* Dataset content
[Start of Attachment]

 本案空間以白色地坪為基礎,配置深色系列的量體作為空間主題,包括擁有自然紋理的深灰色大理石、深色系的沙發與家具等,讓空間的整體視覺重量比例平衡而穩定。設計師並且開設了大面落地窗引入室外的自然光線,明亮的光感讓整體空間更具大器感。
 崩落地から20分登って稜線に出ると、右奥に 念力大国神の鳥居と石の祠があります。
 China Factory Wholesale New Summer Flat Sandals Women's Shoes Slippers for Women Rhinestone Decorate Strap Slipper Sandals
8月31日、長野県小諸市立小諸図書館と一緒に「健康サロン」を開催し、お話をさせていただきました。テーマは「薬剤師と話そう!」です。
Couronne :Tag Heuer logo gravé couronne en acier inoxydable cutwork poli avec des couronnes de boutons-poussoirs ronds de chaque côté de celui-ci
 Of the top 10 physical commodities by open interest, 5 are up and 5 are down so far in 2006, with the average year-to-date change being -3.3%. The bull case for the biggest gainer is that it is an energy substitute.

[End of Attachment]
[Start of Attachment]

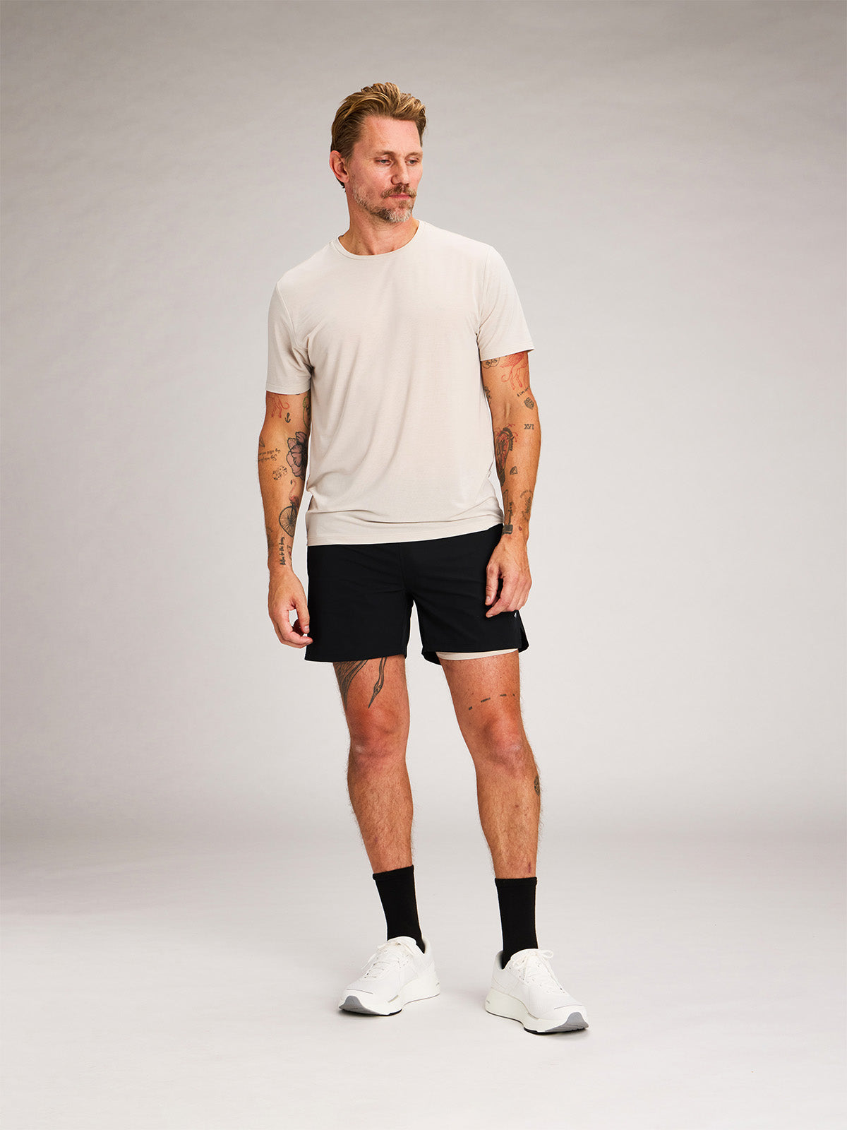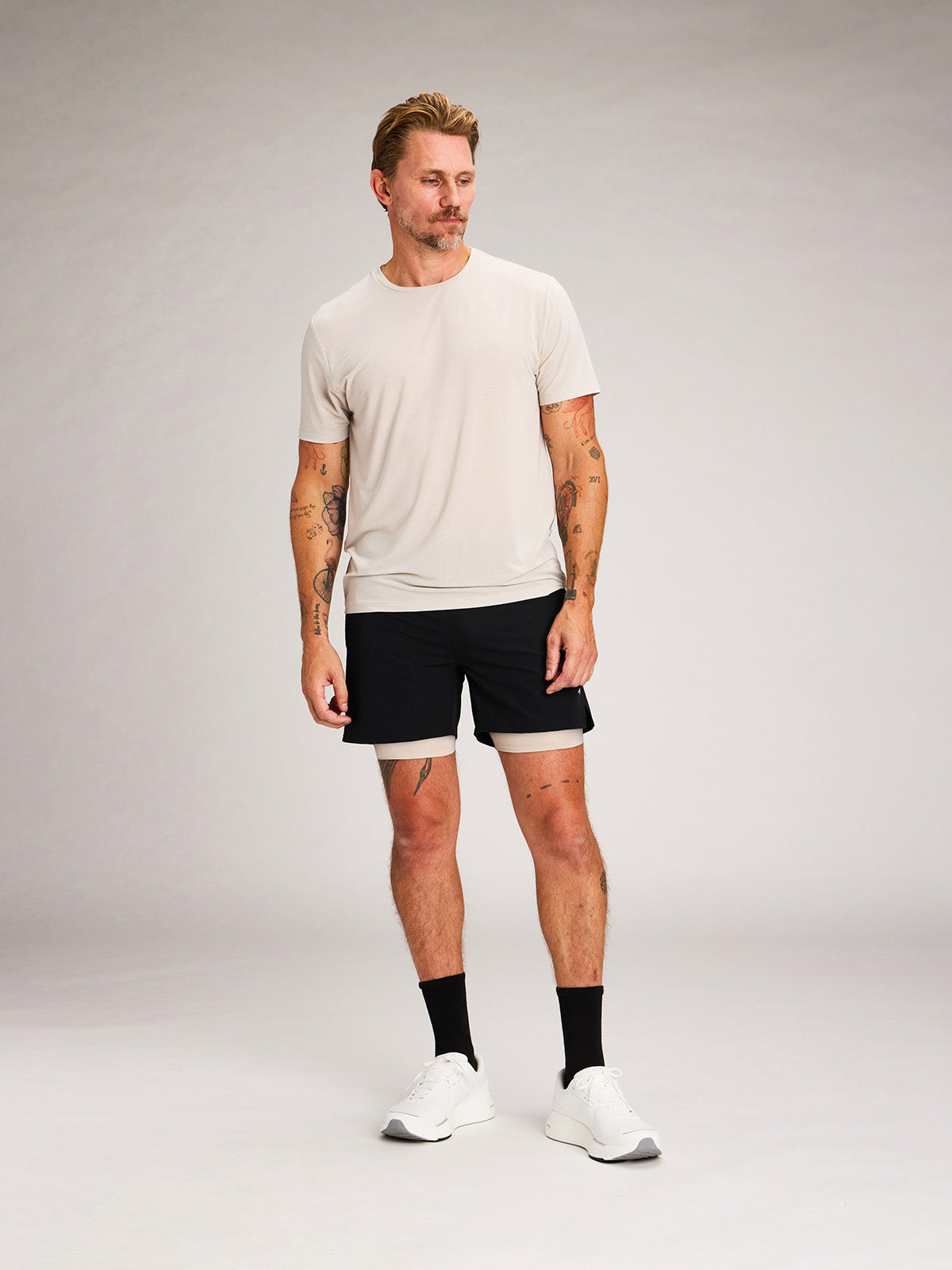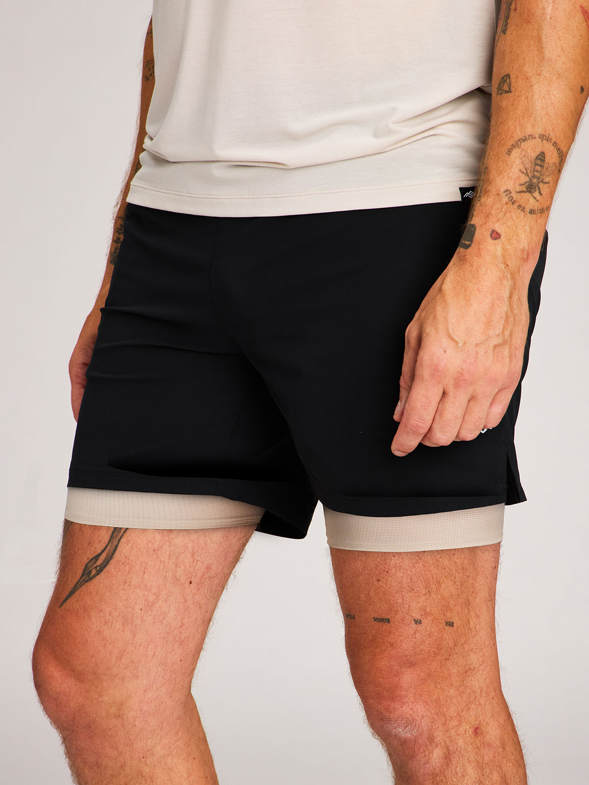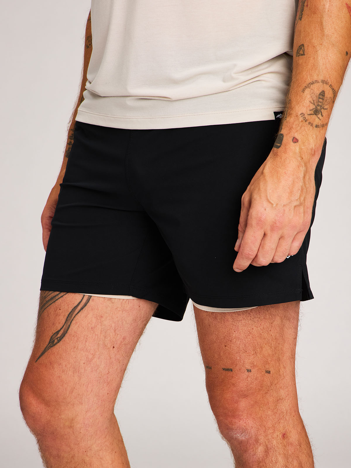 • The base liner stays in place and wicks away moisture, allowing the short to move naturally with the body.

[End of Attachment]

* Work item
Reproduce, exactly as they stand in the data above, the lines from the one that holds "本案空間以白色地坪為基礎,配" to the one that holds "Couronne :Tag Heuer", inclusive.

* Response area
 本案空間以白色地坪為基礎,配置深色系列的量體作為空間主題,包括擁有自然紋理的深灰色大理石、深色系的沙發與家具等,讓空間的整體視覺重量比例平衡而穩定。設計師並且開設了大面落地窗引入室外的自然光線,明亮的光感讓整體空間更具大器感。
 崩落地から20分登って稜線に出ると、右奥に 念力大国神の鳥居と石の祠があります。
 China Factory Wholesale New Summer Flat Sandals Women's Shoes Slippers for Women Rhinestone Decorate Strap Slipper Sandals
8月31日、長野県小諸市立小諸図書館と一緒に「健康サロン」を開催し、お話をさせていただきました。テーマは「薬剤師と話そう!」です。
Couronne :Tag Heuer logo gravé couronne en acier inoxydable cutwork poli avec des couronnes de boutons-poussoirs ronds de chaque côté de celui-ci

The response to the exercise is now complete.